Едва дыша, я опустилась на табурет, достала сигарету, и Брэндан поспешно чиркнул зажигалкой.
-Ричард? – кажется, у меня пропал голос. – Но что… Что в пакете?
-Я понятия не имею, Мишель. Но думаю, ты сама разберешься.
-Я знаю, Брэндан, что он на гастролях. Я понимаю, как это важно для него… Но… Он совсем не хочет меня видеть?
Брэндан уронил руку на стол с таким звуком, точно, ударил по нему от досады на то, что ему приходится что-то объяснять мне.
-Мишель! Ох, Мишель, не мне судить об этом! Не хочет или не может… Когда он уезжал, я понял лишь одно – для пения ему остался только голос. Понимаешь? Ты понимаешь, Мишель? Только голос!
Я чувствовала, как слезы хлынули из моих глаз, устыдилась и бросилась к закипевшему чайнику, как к спасению от необходимости глядеть в лицо Брэндана. Столько горечи было в его словах, в лице его! Он не кричал мне о моей вине, но то, что он сказал, вопило об этом. Я разбила сердце Ричарду, а петь без него – для них, музыкантов «Королевского Креста», это было невозможно. Все равно, что солнце превратить в лампу.
-Ты… и вправду хочешь пить сейчас со мной этот чай, Брэндан?

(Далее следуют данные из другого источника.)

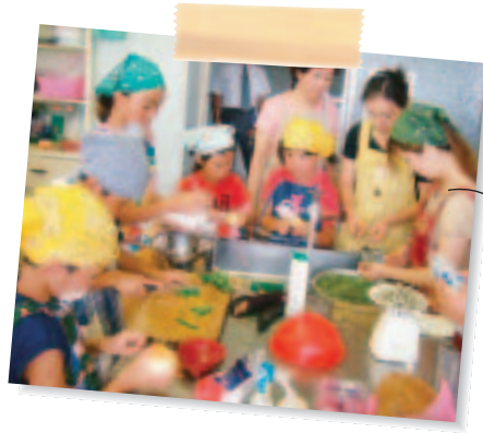
児童が育てた野菜を使った親子料理教室 (周南市立大道理小学校)

Хочешь общаться со мной после всего?
Я стояла спиной к нему, утирала слезы и едва сдерживалась от боли, скрючившей мне всю грудь.
-Не говори так, Мишель! – рявкнул вдруг Брэндан. – Не смей так говорить!!.. Иди сюда и сядь рядом!
Я повиновалась и села на табурет, с которого Брэндан снял на пол злосчастный пакет. Он положил мне ладонь на колено, помолчал несколько секунд.
-Я не очень понимаю, что там между вами троими произошло, Мишель, да и не мое это дело. Но за то меня непосредственно касается то, что с вами, с тобой и Ричардом происходит теперь. Я видел, как плохо ему, вижу, как плохо тебе. Не представляю, как я мог бы помочь, но, Мишель, дорогая моя, глупенькая моя девочка!.. Бога ради, не плачь, иначе я сам разревусь, глядя на тебя! Не плачь и выслушай меня… Прежде всего, я хочу, чтобы ты помнила о том, кто ты есть для меня. Именно для меня, Мишель, ибо за Ричарда будет решать сам Ричард. Для меня ты – близкий человек, мой друг, которым я дорожу. Я уже говорил тебе об этом. А друг… Он является им не только тогда, когда с ним весело и интересно, но и тогда, когда он попал в беду. Тогда, я думаю, он становится другом вдвойне. И ты для него тоже. А то, что ты не могла сделать больно Ричарду намеренно, я уверен. Я знаю, Мишель, слишком хорошо вижу, как ты любишь его, как плохо тебе без него, как страшно и невыносимо! Все в твоих глазах, ты не можешь этого скрыть… Не жди от меня обещаний о том, что Ричард не сегодня-завтра вернется к тебе и все будет замечательно. Ричард – сложный человек, непредсказуемый… Но и отчаяться я тебе не дам, а уйти, сбежать из его дома – тем более. Не хватало еще искать тебя потом по всему королевству!.. Мишель, я – твой друг и останусь им. Мы все – я, Джордж и Клер, их близнецы, Хелена, Дэвид и Триша – твои друзья. Да, все это время ты не видела нас, но не потому, что мы этого не хотели. Конечно, занятость – не повод, чтобы не навестить друга, ты прости. Но я знаю, что Хелена звонила тебе. Она на съемках где-то у черта на рогах и может пока только это. Знаешь, она звонила и мне. Очень расстроенная тем, что не может сама приехать к тебе, что никакими словами не в состоянии по телефону хоть как-то утешить тебя. Джордж обязательно скоро появится, он обещал. Не знаю, что там у Дэвида и Триши, но я знаю – Дэвид был у тебя и уверен, что будет еще… Ох, Мишель! Вижу я по твоим глазам, что все это, конечно, приятно тебе слышать, но не способно утешить по-настоящему. Только Ричард. Только он сам… Давай сейчас попьем чаю, я поеду уже по своим делам, а ты посмотришь, что в пакете, но только без ожидания, что там какое-то жуткое свидетельство окончательного разрыва Ричарда с тобой. Обещаешь?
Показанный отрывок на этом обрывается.